New Poker Copilot User Interface

When adding new screens to Poker Copilot, I found the “Tab per screen” approach was becoming cumbersome. Poker Copilot was heading towards a dread category of software: “software with a user interface that looks like it was designed by a techie”. This is definitely a category I do not want Poker Copilot in.

Therefore I shut down my Java IDE, read some articles on software user interface design, and reflected on what to do. I chose to adopt the user interface used by Mac OS X’s Finder, iTunes, and Apple’s Mail. This allows me to add many more screens. These screens can be grouped and selectively revealed while leaving plenty of screen real estate for showing graphs and tables. This is the result:


The next update of Poker Copilot will have this new user interface.

ScreenFlow: Great tool for making software demo movies

I discovered ScreenFlow recently, a Mac OS X program for making “screencasts”. I experimented making “how to use Poker Copilot” video. It was unbelievable easy to use with quality results. It can record my screen and iSight video simultaneously. Maybe I’ll add a demo video to the Poker Copilot website soon.

Out of Control Inflation at Yahoo?

Has Yahoo moved their offices to Zimbabwe? I discovered a charge on my credit card from Yahoo for $43.95. A quick investigation revealed that Yahoo’s annual charge for domain name renewal has more than tripled in a year.

Note to self: move all domain hosting post-haste from Yahoo to a registrar without exorbitant renewal fees.

Small HUD Improvement

Several people asked me to add the number of hands played to the HUD. Although I am not working on any HUD improvements for the next release, I did find time to add this minor tweak. Here’s the HUD with number of hands played in brackets after each player name:

Supporting Users While I Sleep

Three facts:

  1. Most users of Poker Copilot are in North America.
  2. People usually play online poker in the evening.
  3. I live in Europe.

Due to these three facts, I’m usually sleeping when people use Poker Copilot. Therefore I read most user support emails when I start up my computer in the morning. There’s usually a couple per day.

Last night (European time) I added a link to the Poker Copilot Get Satisfaction site on the Poker Copilot support web page.
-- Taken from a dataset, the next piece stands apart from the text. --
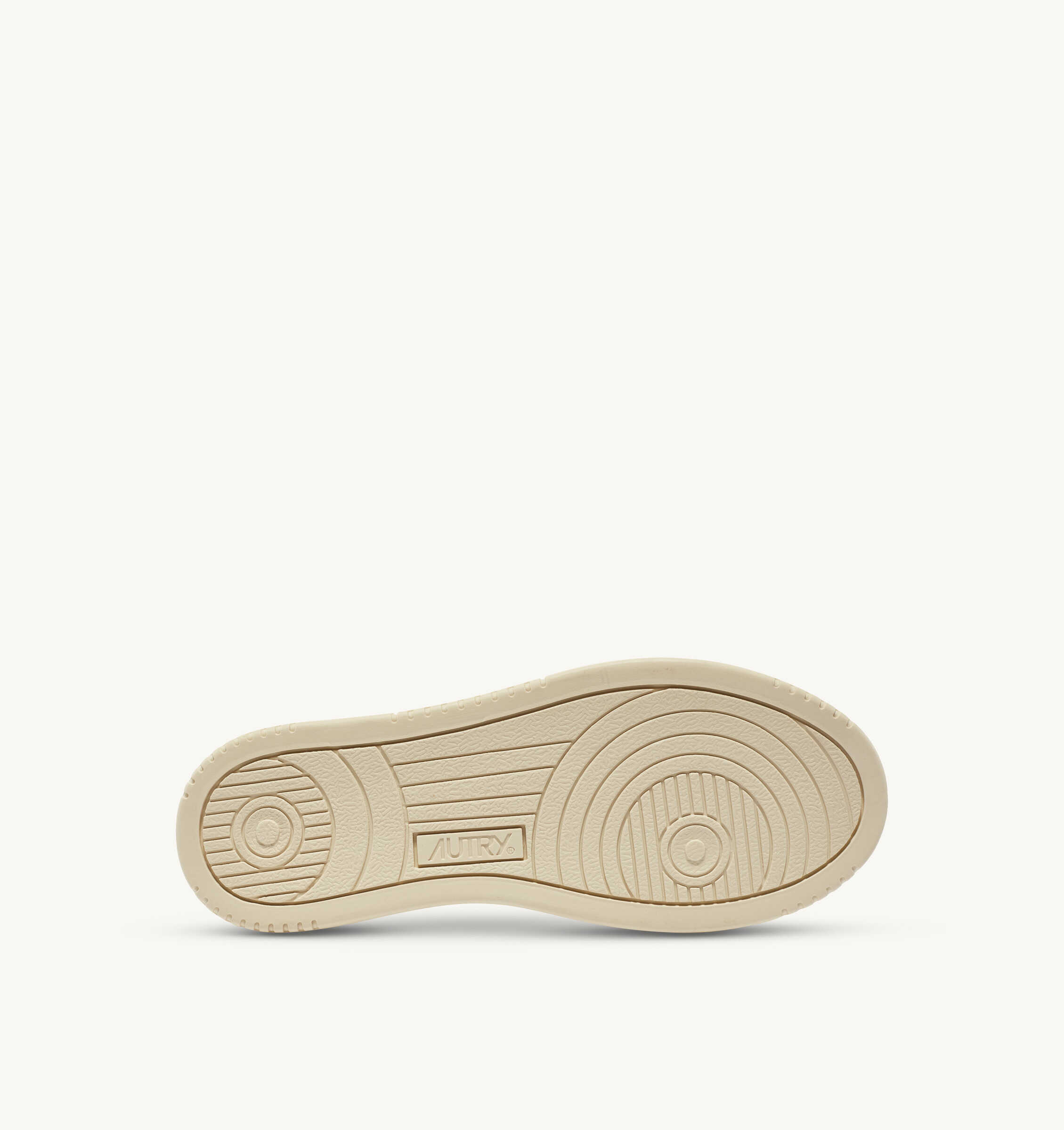 `Leather AUTRY sneakers with suede inserts, side logo, green mustache on the back, rubber sole.`

This morning I found that instead of posting me emails, people had posted directly on Get Satisfaction – just as I had hoped.

So what’s so blog-worthy about this? Someone had already answered one of the posted questions while I was still sleeping. Users helping users – while I sleep. Sweet.

(Many thanks to “trixilw”, the Get Satisfaction user who correctly and succinctly posted the answer.)

I get a kick from the idea that out of nothing there now exists a Poker Copilot “user community”. A community of users who discuss Poker Copilot on poker forums, who request new features, and who blog about it. All for a product that didn’t exist a few months ago. I even discovered a nice referral for Poker Copilot on a German discussion forum last weekend. Sweet – again.

FTP on the Mac

I got my first Mac about a year ago. I ordered at a time when supplies in Germany were limited and so I had to wait three long, long weeks. Finally it arrived the day before I was due to fly to Israel. I had been planning the Israel trip for a long time, and I had already delayed it a year earlier due to the 2006 Lebanon War. Even so, I was sorely tempted to cancel the trip at the last moment and play with my new toy.

I’m still learning about the Mac, OS X, and the everyday apps you need. FTP is one area where I was clumsily and suboptimally getting by in this new environment. For a while I endured command line FTP. Eventually I tried a couple of GUI apps. I’ve finally settled on Transmit, a simple, elegant, and complete FTP app from Panic, a company with an awesome tagline: “Shockingly Good Mac Software”. Transmit is a great example of what I’ve come to expect from Mac software: it simply works.

Dow Jones vs World Travelling

A brief comment on another form of gambling: the stock market.

Conventional wisdom says that in the long run you always get a decent return on the stock market, right? in the long run? What does that mean specifically? Eight years or so, that, for me, is a long time.

So let’s see…the Dow Jones index on – let’s pick a date for this contrived example – oh, I don’t know, how about January 14th, 2000 – was 11,722.

And the Dow Jones today is 11,388. That’s a total return over almost nine years of -2.8%. Take inflation into account, and we talking about a serious way to lose money. If you had $10,000 to invest back on Jan 14th, 2000, you’d have been wiser blowing it all on an extended round-the-world trip. Which is, coincidentally, what I did.

Best Paragraph I Read Today

I couldn’t agree more:

70% of good code is error checking and handling. When I started programming that way, my code got a lot better. Thinking about what can go wrong and then handling it right away has made a huge difference. It feels like doing all that checking is just getting in the way of getting the code up and running, but it shortens the time from start to finish by a factor of 2 to 4.